Like rabbits left to their own devices, processing cores are breeding. But for all the proliferation of cores on desktops, in data centers and inside handheld devices, the fundamental problems for developers who have to deal with all those cores haven’t changed much.

For years, tools and frameworks have offered solutions to multi-threading, concurrency and parallelism. But unlike some other programming problems, where clear solutions have been selected already, the multicore problem remains one that is better solved through knowledge, skill and experience than through dollars and prepackaged bits. But that’s not to say there haven’t been some new developments in development.

Due to the complexity of the problems associated with multicore development, many vendors have had to be quite clever in how they offer their solutions. While there is no substitute for knowledge and experience, some companies, such as Microsoft, have found ways to get new multicore supports into their tools for developers who might not be so skilled in multicore development.

Brandon Bray, principal group program manager for .NET at Microsoft, said that there are three types of programmers for which they’ve addressed multi-core solutions. The first type of developers, which Bray said is quite small, knows how to develop multi-threaded applications, and doesn’t need much help. The second is similar, but wants concurrency to be easier. The third type is the largest, and is made up of developers who want nothing to do with multicore, multi-threading or concurrency.

For each type of these developers, Microsoft has managed to craft a way to make multicore development a little bit easier. For the first two types, .NET 4.5’s release in September included a new background garbage collector, which improved application performance thanks to the removal of garbage-collection pauses in the runtime.

“Background garbage collection does all the looking through memory while the program is running,” said Bray. “It’s making use of extra cores, and it’s not something we could have done 10 years ago because most computers only had one processor in them. It’s a default feature when people upgrade to .NET 4.5.”

.NET also includes multicore JIT, which uses data from previous application runs to optimize JIT compilation of .NET applications.
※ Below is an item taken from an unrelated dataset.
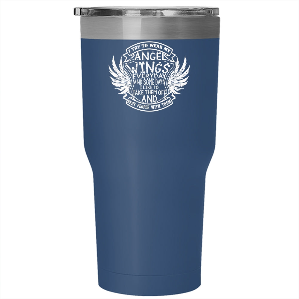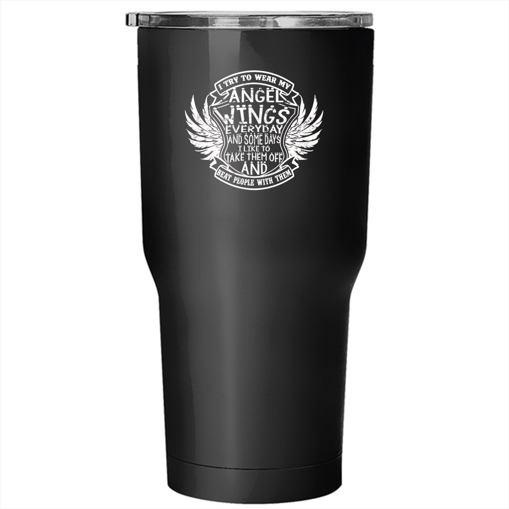 I Try To Wear My Angel Wings Everydays Tumbler 30 oz Stainless Steel, Cute Wings Travel Mug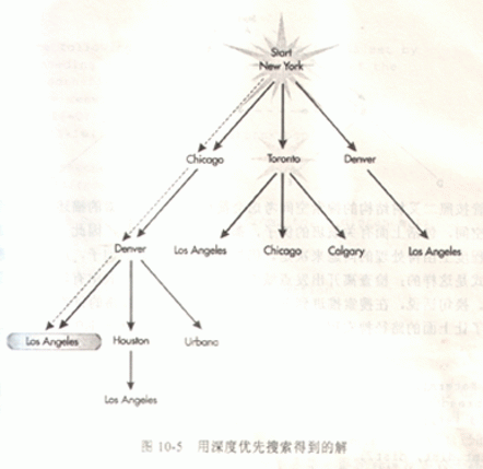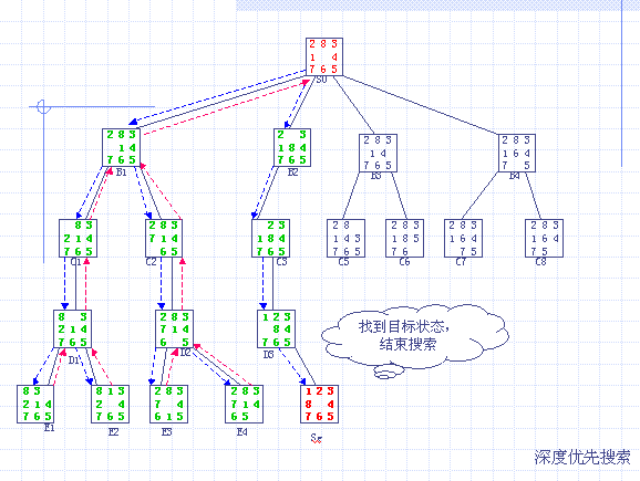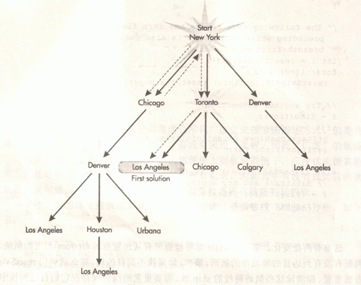 深度优先搜索能够找到一个解,同时,对于上面这个特定问题,深度优先搜索没有经过回退,一次就找到了一个解;但如果数据的组织方式不同,寻找解时就有可能进行多次回退。因此这个例子的输出并不具有普遍性。而且,在搜索一个很长,但是其中并没有解的分支的时候,深度优先搜索的性能将会很差,在这种情况下,深度优先搜索不仅在搜索这条路径时浪费时间,而且还在向目标的回退中浪费时间。

This can improve startup time for long-running applications. This also uses extra cores automatically to do the compilation, thus offering developers a quicker build time.

While these two solutions are targeted at more experienced programmers, Bray said that developers disinterested in multicore can rely on .NET to offer them a faster way to do I/O and to take advantage of multicore for that: Async and Await.

“Async and Await are used with C#. The idea is that most developers really think about the code running on one processor,” said Bray. “If I write a loop, I understand how that works. They think of it synchronously, but most of the time when you’re doing network calls or file I/O, that I/O time is wasted time where another processor could do the work. Most of us experience that as the user interface being paused. That UI pausing is an opportunity for concurrency.

“The more I can use multicore in these cases, the better. It means I can keep the UI responsive. How do we get developers to fall into this pattern? The libraries you call that involve I/O, like calling a network or a REST API, you’d like that to be put into the background on another processor, and when the task is finished, it executes on the thread pool and the result is just passed back. I never have to pause the UI. This pattern we’ve built into the compiler, and it tells you where you need to write these keywords. If you call this API, it will force you to use this feature. Developers that don’t care are the ones that cause the pausing all the time. They still don’t have to care anymore; often, they don’t know they’re doing some of this concurrency.”

The trouble with Java
Jason van Zyl is in a unique position to observe how Java developers are approaching multicore development in Java. As CTO and founder of Sonatype, and creator of Maven, he has a front-row seat at the world’s largest Java repository, Maven Central.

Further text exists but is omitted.